Task statement
Each line below should be repeated exactly as written, with no pictures carried over.

Raw data
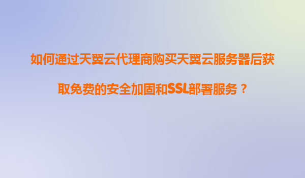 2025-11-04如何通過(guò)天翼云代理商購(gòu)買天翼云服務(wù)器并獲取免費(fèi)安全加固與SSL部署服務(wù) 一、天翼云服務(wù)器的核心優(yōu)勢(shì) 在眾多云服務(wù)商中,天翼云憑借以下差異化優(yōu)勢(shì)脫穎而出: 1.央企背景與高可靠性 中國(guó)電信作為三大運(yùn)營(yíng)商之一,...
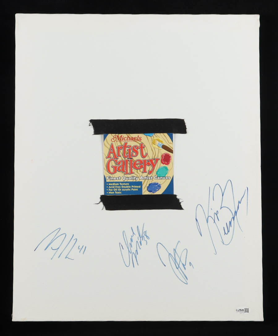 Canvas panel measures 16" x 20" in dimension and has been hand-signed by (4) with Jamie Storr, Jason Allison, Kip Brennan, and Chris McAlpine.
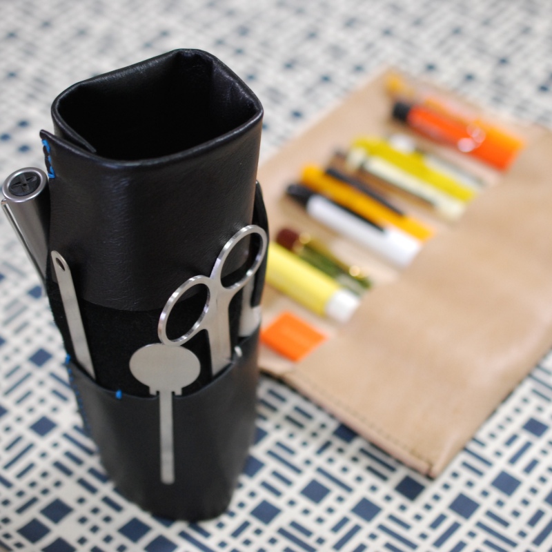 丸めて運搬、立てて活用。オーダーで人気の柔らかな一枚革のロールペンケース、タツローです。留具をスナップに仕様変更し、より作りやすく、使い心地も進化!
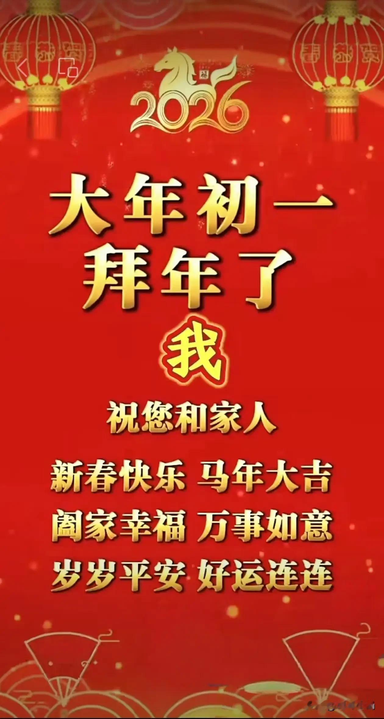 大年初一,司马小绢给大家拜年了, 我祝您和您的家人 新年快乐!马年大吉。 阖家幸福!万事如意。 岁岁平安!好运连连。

Result for this task
 2025-11-04如何通過(guò)天翼云代理商購(gòu)買天翼云服務(wù)器并獲取免費(fèi)安全加固與SSL部署服務(wù) 一、天翼云服務(wù)器的核心優(yōu)勢(shì) 在眾多云服務(wù)商中,天翼云憑借以下差異化優(yōu)勢(shì)脫穎而出: 1.央企背景與高可靠性 中國(guó)電信作為三大運(yùn)營(yíng)商之一,...
 Canvas panel measures 16" x 20" in dimension and has been hand-signed by (4) with Jamie Storr, Jason Allison, Kip Brennan, and Chris McAlpine.
 丸めて運搬、立てて活用。オーダーで人気の柔らかな一枚革のロールペンケース、タツローです。留具をスナップに仕様変更し、より作りやすく、使い心地も進化!
 大年初一,司马小绢给大家拜年了, 我祝您和您的家人 新年快乐!马年大吉。 阖家幸福!万事如意。 岁岁平安!好运连连。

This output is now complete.